31/03/2008
Au vu de ce beaucoup qualifient de peine "exorbitante" pour une affaire de diffamation, plusieurs journaux marocains ont affiché leur soutien au quotidien Al Massae. Les directions de ces journaux affirment que cette décision menace les journalistes indépendants et la liberté d'expression.
Par Sarah Touahri pour Magharebia à Rabat – 31/03/08
![]() [ٍSarah Touahri] La presse marocaine et les instances de surveillance de la liberté des médias ont fait part de leurs préoccupations après l'amende de six millions de dirhams à laquelle a été condamné le quotidien Al Massae le 25 mars à Rabat. |
La presse marocaine et les organisations de défense de la liberté de la presse s'inquiètent après l'amende de six millions de dirhams imposée le 25 mars à Rabat contre le quotidien Al Massae et son directeur de la publication, Rachid Nini.
Ce verdict fait suite à un article paru en novembre dernier sur une "cérémonie de mariage homosexuelle" dans la petite ville de Ksar Al-Kébir, dans le nord du Maroc, à laquelle, selon l'article, le "réseau de pervers sexuels" de la ville, comprenant un substitut du procureur du Roi qui n'avait pas été nommément désigné, aurait participé.
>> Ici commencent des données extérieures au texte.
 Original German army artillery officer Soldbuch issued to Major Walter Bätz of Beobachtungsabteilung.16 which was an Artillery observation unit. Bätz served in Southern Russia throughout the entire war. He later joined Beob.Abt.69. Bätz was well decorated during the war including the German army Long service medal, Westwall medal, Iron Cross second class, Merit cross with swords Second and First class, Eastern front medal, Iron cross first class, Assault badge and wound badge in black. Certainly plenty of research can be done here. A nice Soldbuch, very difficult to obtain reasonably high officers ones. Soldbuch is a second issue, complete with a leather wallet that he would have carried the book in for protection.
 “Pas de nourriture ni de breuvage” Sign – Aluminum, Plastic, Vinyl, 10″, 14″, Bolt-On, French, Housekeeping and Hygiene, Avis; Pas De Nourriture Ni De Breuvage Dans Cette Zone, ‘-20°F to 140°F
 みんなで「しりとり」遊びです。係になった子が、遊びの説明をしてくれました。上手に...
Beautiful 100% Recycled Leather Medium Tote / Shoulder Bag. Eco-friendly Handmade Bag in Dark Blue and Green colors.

Malgré les excuses publiées par le quotidien, quatre substituts du procureur du Roi auprès du tribunal de première instance de la ville de Ksar El Kebir avaient porté plainte contre Al Massae pour diffamation et injures publiques.
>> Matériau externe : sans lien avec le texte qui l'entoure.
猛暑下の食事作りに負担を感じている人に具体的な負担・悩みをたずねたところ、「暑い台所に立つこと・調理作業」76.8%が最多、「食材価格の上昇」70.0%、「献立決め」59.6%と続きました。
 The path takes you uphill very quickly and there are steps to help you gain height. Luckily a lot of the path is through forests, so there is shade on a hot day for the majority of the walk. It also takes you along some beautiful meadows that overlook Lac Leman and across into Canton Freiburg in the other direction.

Cette amende record infligée au plus fort tirage du Maroc, dont la naissance remonte à moins d'un an, est "un message clair à toute la presse indépendante", a indiqué la rédaction d'Al Massae après que la décision eut été rendue.
Plusieurs journaux marocains soulignent que ce verdict les affecte également. Les quotidiens francophones Aujourd'hui Le Maroc et Libération, le quotidien islamiste Attajdid et le quotidien socialiste Al Ittihad Al Ichtaraki comptent parmi les publications qui ont apporté leur soutien à Al Massae.
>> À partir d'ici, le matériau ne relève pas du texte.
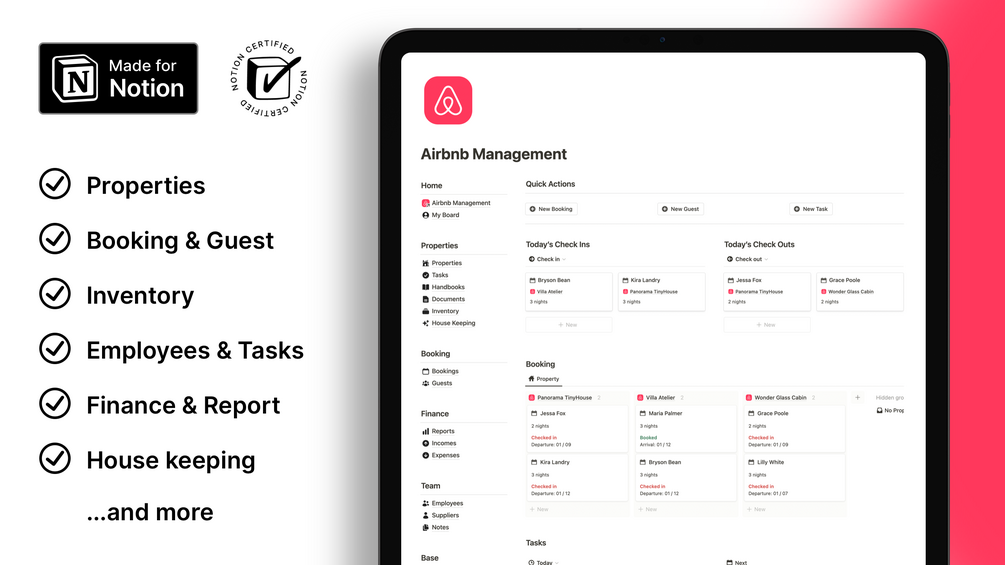 Effortlessly manage property, finance, guests, bookings, housekeeping, tasks, suppliers, employees, and team for your Airbnb business using our comprehensive Airbnb Management Notion template.
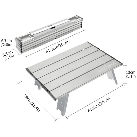 WESTTUNE 露营折叠桌轻便 1680D 牛津卷起桌便携式铝合金旅游桌适用于户外野餐
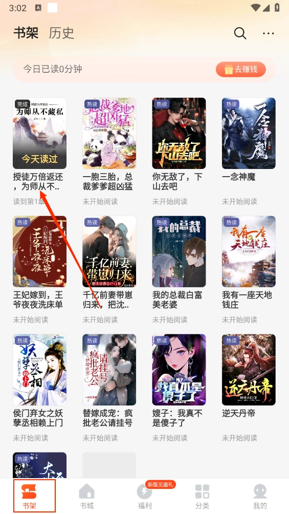 3、最后进入书架板块,即可查看加入的小说资源了。
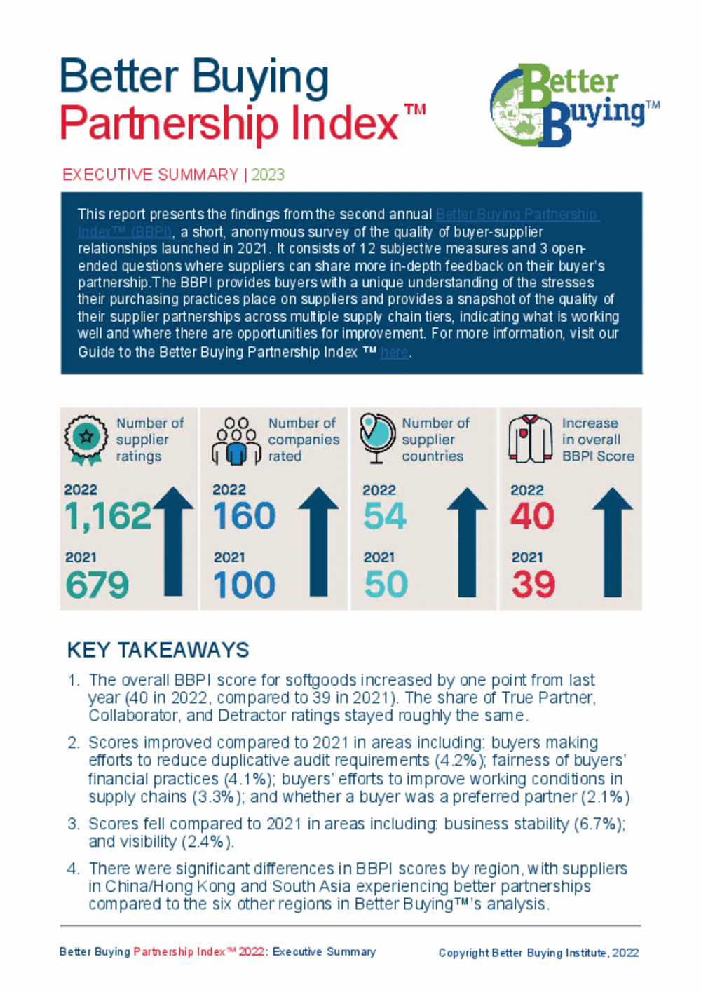 Download Better Buying Partnership IndexTM 2023 Executive Summary by Better Buying Institute created 2023-02-09T21:39:12+07:00 Highlights, key takeaways and recommendations for buyers, from the Better Buying Partnership IndexTM 2023 Report.

"Il est de notre droit de dire, au moins une fois, que nous avons peur pour aujourd'hui comme pour l'avenir", a déclaré un commentateur du quotidien arabophone Asshaba.
"Il est plus que jamais temps d'être solidaires, parce que cela concerne l'indépendance des journalistes et l'avenir d'une profession qui a des difficultés à subsister", a indiqué Libération dans un éditorial intitulé "La presse réprimée".
L'amende imposée par le tribunal de Rabat pourrait effectivement mettre le journal en faillite. "On ne peut en aucun cas cautionner ce verdict. Au cas où il serait appliqué, il précipiterait la disparition du journal Al MassaeI", écrit Libération.
Le directeur de la publication Rachid Nini a expliqué que son journal dérange plusieurs personnalités au pouvoir et que celles-ci désirent ainsi mettre fin au quotidien. M. Nini ajoute que ce jugement est "inexplicable et inacceptable" et reflète "le désir de mettre à mort mon journal et de restreindre la liberté d'expression au Maroc".
Le Syndicat National de la presse Marocaine considère que le jugement est exagéré et loin d’être objectif et demande sa révision. Son secrétaire général Younes M'jahed a expliqué que "le syndicat ne conteste le droit de personne à recourir à la justice si elle estime qu’elle est lésée. Mais ce droit ne doit pas se transformer en une opération de liquidation des journaux".
Cette condamnation a également suscité les critiques de Reporters Sans Frontières (RSF), qui se dit "alarmée et consternée par le montant exorbitant de l'amende infligée à Rachid Nini."
Dans un communiqué publié jeudi dernier, RSF ajoute : "Ce n'est pas la première fois que les tribunaux marocains ont la main lourde. Certaines décisions récentes des tribunaux ont porté un tort considérable à de grands organes de presse marocains et pourraient entraîner leur disparition." L'organisation demande aux tribunaux marocains de "rendre des décisions proportionnées aux préjudices subis et de veiller à ne pas mettre en danger la liberté de la presse".
D'autres associations marocaines ont également fait part de leur désaccord au vu du jugement rendu. Abdellah Ben Abdessalam, membre de l'Association Marocaine des Droits de l'Homme, a ainsi déclaré que "le jugement est trop sévère et vise à faire taire les voix libres qui dérangent l'establishment marocain."
Abdelaziz Nouidi, membre de l'association Justice, estime quant à lui que ce verdict est "sévère et non équilibré".